Information provided:
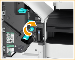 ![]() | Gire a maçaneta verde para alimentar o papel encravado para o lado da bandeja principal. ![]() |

* * *

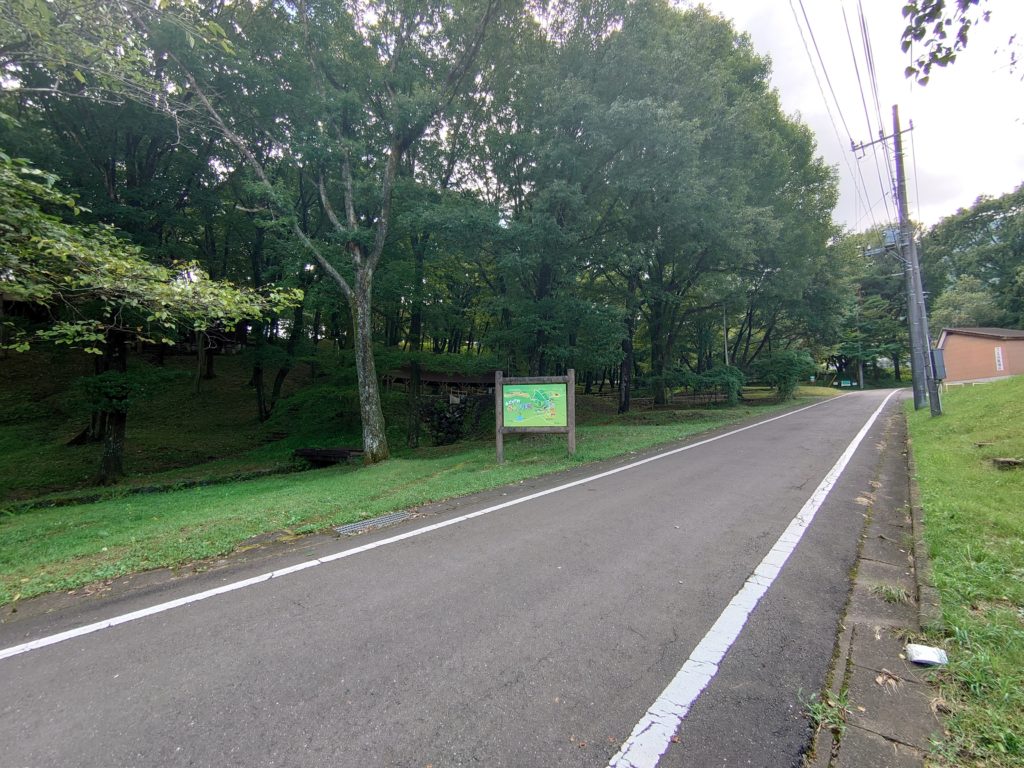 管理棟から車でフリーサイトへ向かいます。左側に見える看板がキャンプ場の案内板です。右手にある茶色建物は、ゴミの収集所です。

==

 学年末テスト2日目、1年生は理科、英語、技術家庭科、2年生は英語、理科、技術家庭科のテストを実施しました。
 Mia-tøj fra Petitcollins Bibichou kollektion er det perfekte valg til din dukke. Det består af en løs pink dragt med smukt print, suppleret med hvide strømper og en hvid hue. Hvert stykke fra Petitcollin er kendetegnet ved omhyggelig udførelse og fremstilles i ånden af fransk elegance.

Exercise: What you give back must be the stretch above, starting at the line with "学年末テスト2日目、1年生は" and ending at the line with "Mia-tøj fra Petitcollins", copied exactly.

Written response:
 学年末テスト2日目、1年生は理科、英語、技術家庭科、2年生は英語、理科、技術家庭科のテストを実施しました。
 Mia-tøj fra Petitcollins Bibichou kollektion er det perfekte valg til din dukke. Det består af en løs pink dragt med smukt print, suppleret med hvide strømper og en hvid hue. Hvert stykke fra Petitcollin er kendetegnet ved omhyggelig udførelse og fremstilles i ånden af fransk elegance.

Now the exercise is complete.